Miroslav Covilo trafił do Cracovii w połowie sierpnia minionego ze słoweńskiego FC Koper i z miejsca stał się kluczowym graczem Pasów. Jeśli tylko był zdrowy albo nie pauzował za kartki, znajdował się w wyjściowym składzie Cracovii. W 21 ligowych występach zdobył aż siedem bramek, w tym pięć uderzeniami głową.
[ad=rectangle]
Nie będzie przesadą stwierdzenie, że mogący pochwalić się czarnym pasem karate Covilo jest najlepiej grającym w powietrzu graczem T-Mobile Ekstraklasy.

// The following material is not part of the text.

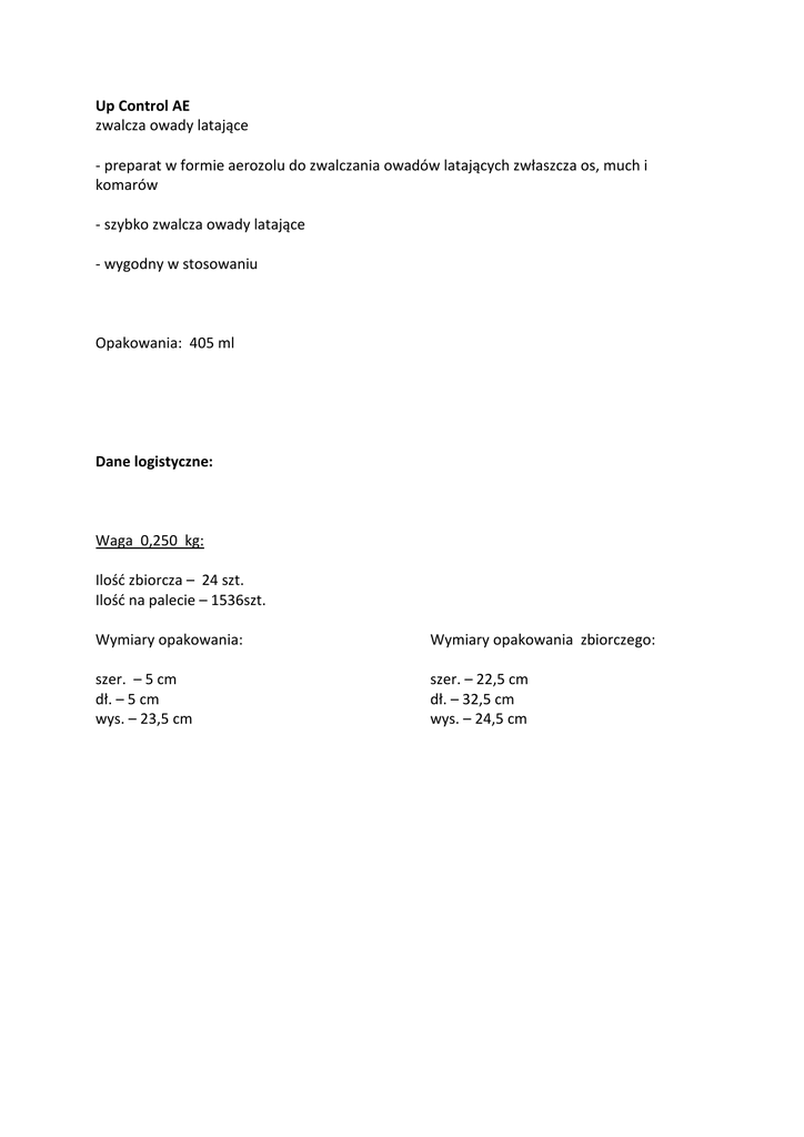 Up Control AE zwalcza owady latające - preparat w formie aerozolu do zwalczania owadów latających zwłaszcza os, much i komarów - szybko zwalcza owady latające - wygodny w stosowaniu Opakowania: 405 ml Dane logistyczne: Waga 0,250 kg: Ilość zbiorcza – 24 szt. Ilość na palecie – 1536szt. Wymiary opakowania: Wymiary opakowania zbiorczego: szer. – 5 cm dł. – 5 cm wys. – 23,5 cm szer. – 22,5 cm dł. – 32,5 cm wys. – 24,5 cm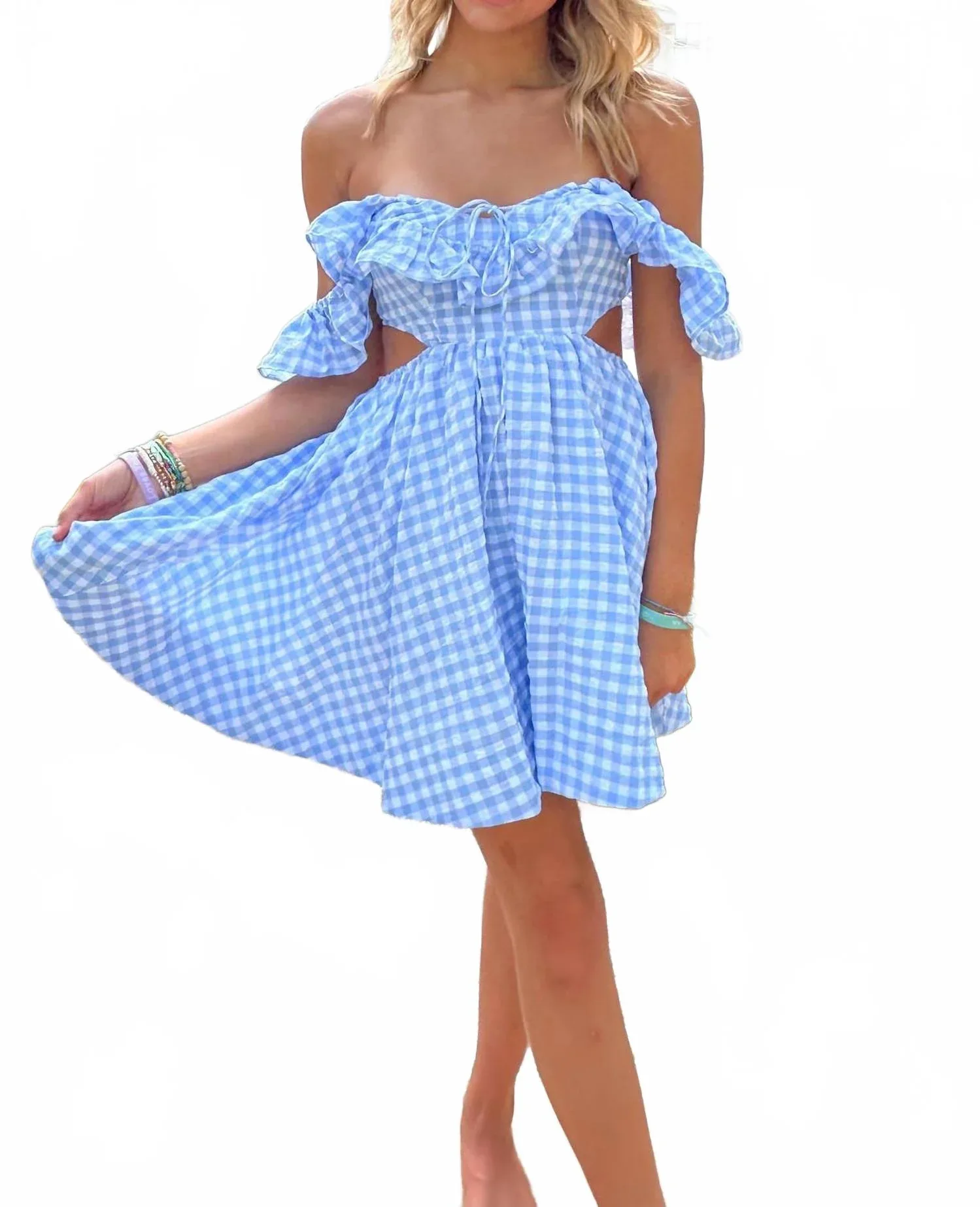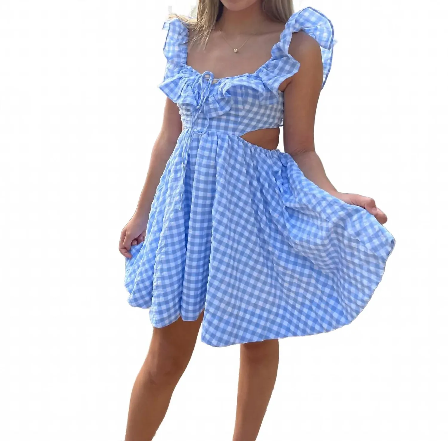 Легкое и элегантное платье, которое вы будете носить весь сезон. Представляем мини-платье Sweetheart от MABLE - очаровательное дополнение к вашему весеннему гардеробу, идеально подходящее для праздничных вечеринок. Это синее платье в клетку имеет открытый вырез с оборками и не имеет рукавов, что придает ему женственный вид. Изготовленное из хлопковой смеси, это мини-платье в винтажном стиле демонстрирует А-образный силуэт с вырезами по бокам и на спине. Платье застегивается на резинку и идеально подходит для особого наряда на День благодарения.

Pojedynki główkowe przegrane przez Serba można policzyć na palcach jednej ręki, a równie dobrze radzi sobie też na parterze - zarówno z piłką, jak i w jej odbiorze.
Jego poprzednia umowa z Pasami miała obowiązywać do czerwca 2016 roku, a na mocy nowej związał się z krakowskim klubem do końca sezonu 2017/2018.
Co ciekawe, w styczniu 2014 roku Covilo znalazł się na celowniku Lecha Poznań, ale Kolejorzowi nie udało się go wykupić z FC Koper, który żądał za swojego gracza ok. 300 tys. euro. Do Pasów trafił na zasadzie wolnego transferu po tym, jak rozwiązał kontrakt ze słoweńskim klubem. Byłemu już trenerowi Pasów Robertowi Podolińskiemu polecił go inny eks szkoleniowiec Cracovii, a dziś skaut Borussii Dortmund - Artur Płatek.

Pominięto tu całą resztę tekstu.